HIV-1 viraemia changes in patients with and without syncytium-inducing phenotype treated with nucleoside analogues: a case-control study.

The objective of the present study was to investigate the effect of the nucleoside analogue treatment on serum viraemia, CD4+ cell count and disease progression in patients with and without syncytium-inducing (SI) HIV-1 variants. To achieve this in a case-control study, 11 nucleoside-naive patients harbouring SI variants who started treatment with zidovudine or zidovudine plus didanosine were matched with 11 control patients who never formed SI variants during a follow-up of 48 weeks.
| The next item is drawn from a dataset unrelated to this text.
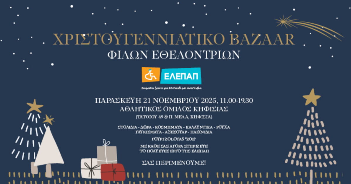 Οι Φίλες Εθελόντριες της ΕΛΕΠΑΠ σας προσκαλούν στο καθιερωμένο Χριστουγεννιάτικο Bazaar που διοργανώνουν την Παρασκευή 21 Νοεμβρίου 2025, από τις 11:00 το πρωί μέχρι τις 19:30 το απόγευμα, στον Αθλητικό Όμιλο Κηφισιάς (Τατοΐου 49 & Π. Μελά, Κηφισιά).
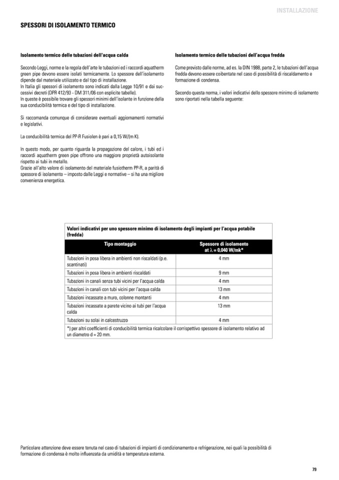 green pipe devono essere isolati termicamente. Lo spessore dell’isolamento

The matching criteria were age, CD4+ cell count and CDC clinical category at the start of the study and exposure to the same antiretroviral treatment. During the follow-up there were no significant differences in the changes of serum HIV-1 RNA viral load and CD4+ cell counts between the two groups. In contrast, AIDS or new AIDS-defining events were observed in five SI cases but in none of the non-SI controls (P = 0.002). The emergence of a zidovudine-resistant mutation at codon 215 was observed in all the patients harbouring SI strains and in six of the subjects with non-SI variants (P = 0.03). The results of the present study show that in patients carrying SI virus, measurements of CD4+ count or RNA viral burden are neither related to the virulence of the virus strains nor able to predict the clinical course of the disease, at least under anti-retroviral drug conditions. Thus, determination of SI phenotype should be considered in the evaluation and monitoring of HIV-1 therapies.